Problem statement: Output, exactly as written, the lines below starting at the line containing "Request More Info" and ending at the line containing "Speedy Monsters Kids". Drop the pictures and keep both end lines.

Provided entries:
§
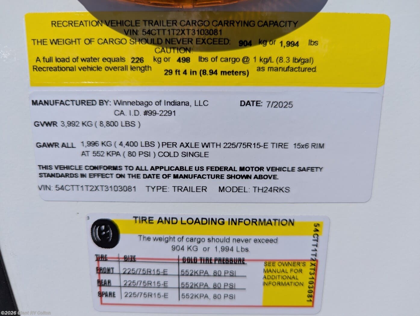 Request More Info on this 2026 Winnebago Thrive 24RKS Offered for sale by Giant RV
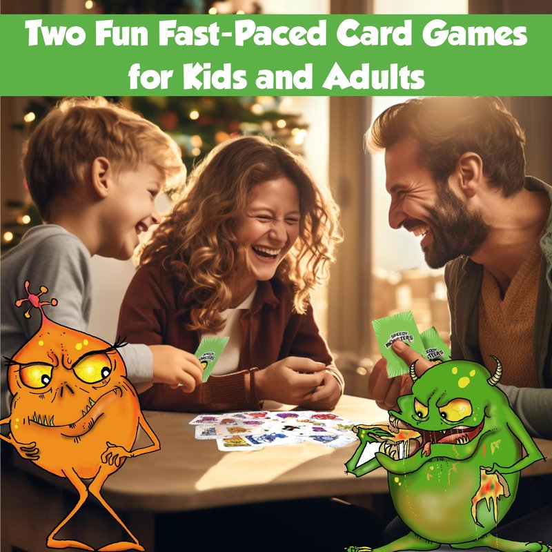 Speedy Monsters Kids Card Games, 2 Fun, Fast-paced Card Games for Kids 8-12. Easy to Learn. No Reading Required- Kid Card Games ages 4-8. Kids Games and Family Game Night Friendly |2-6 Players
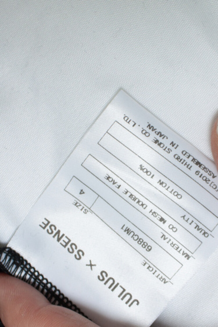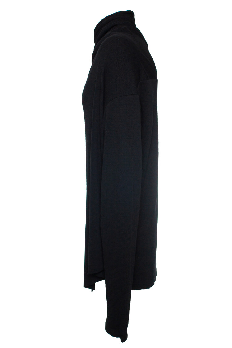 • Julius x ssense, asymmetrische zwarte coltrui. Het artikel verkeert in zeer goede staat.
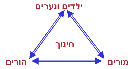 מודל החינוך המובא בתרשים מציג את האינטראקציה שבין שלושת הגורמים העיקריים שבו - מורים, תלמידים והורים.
§
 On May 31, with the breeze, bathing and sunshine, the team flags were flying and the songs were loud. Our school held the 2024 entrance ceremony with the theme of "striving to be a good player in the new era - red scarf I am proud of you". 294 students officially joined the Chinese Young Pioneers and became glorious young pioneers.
§
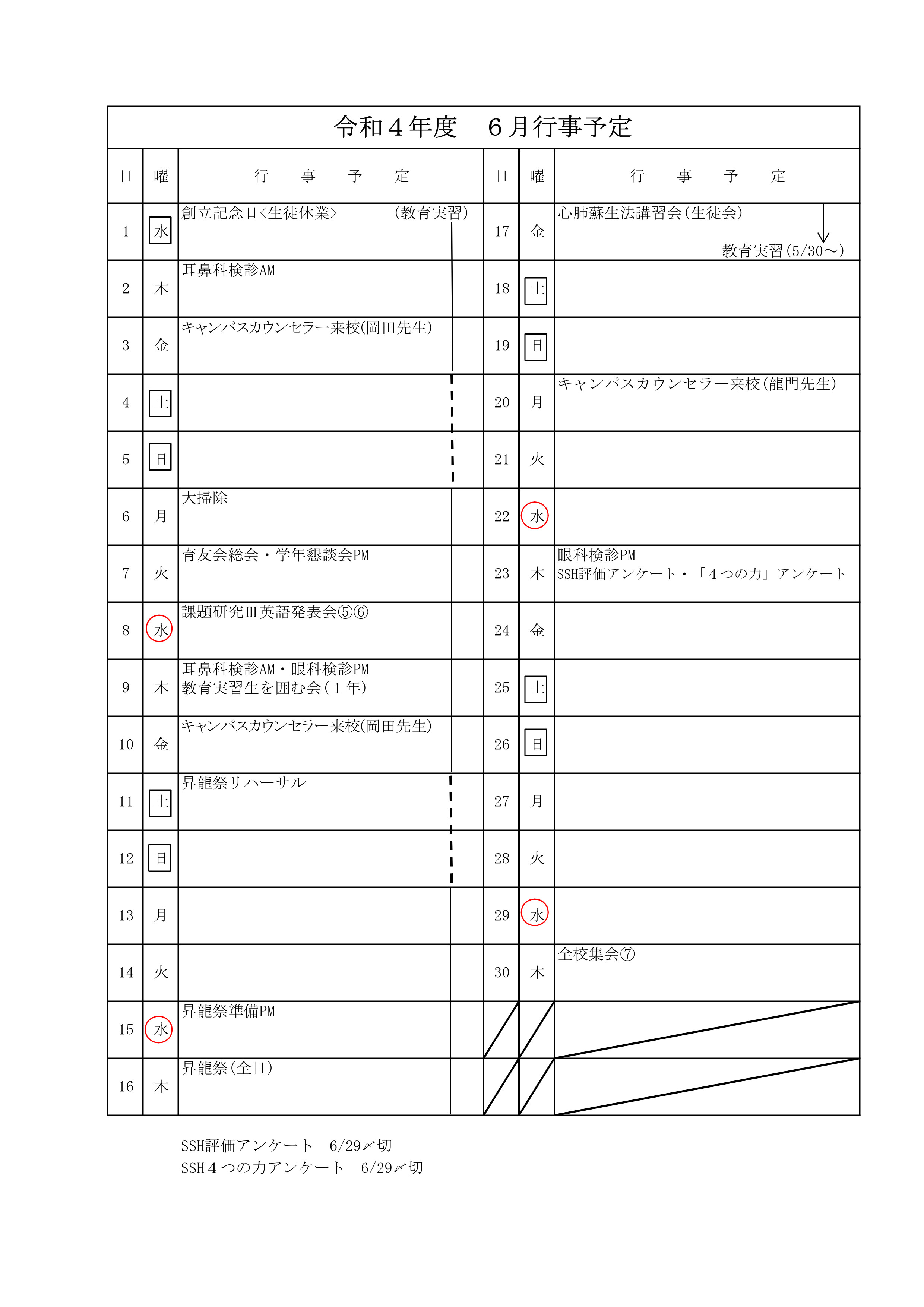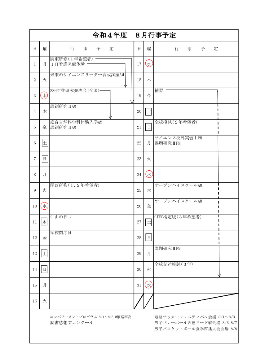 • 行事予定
§
Reply to the exercise:
 Request More Info on this 2026 Winnebago Thrive 24RKS Offered for sale by Giant RV
 Speedy Monsters Kids Card Games, 2 Fun, Fast-paced Card Games for Kids 8-12. Easy to Learn. No Reading Required- Kid Card Games ages 4-8. Kids Games and Family Game Night Friendly |2-6 Players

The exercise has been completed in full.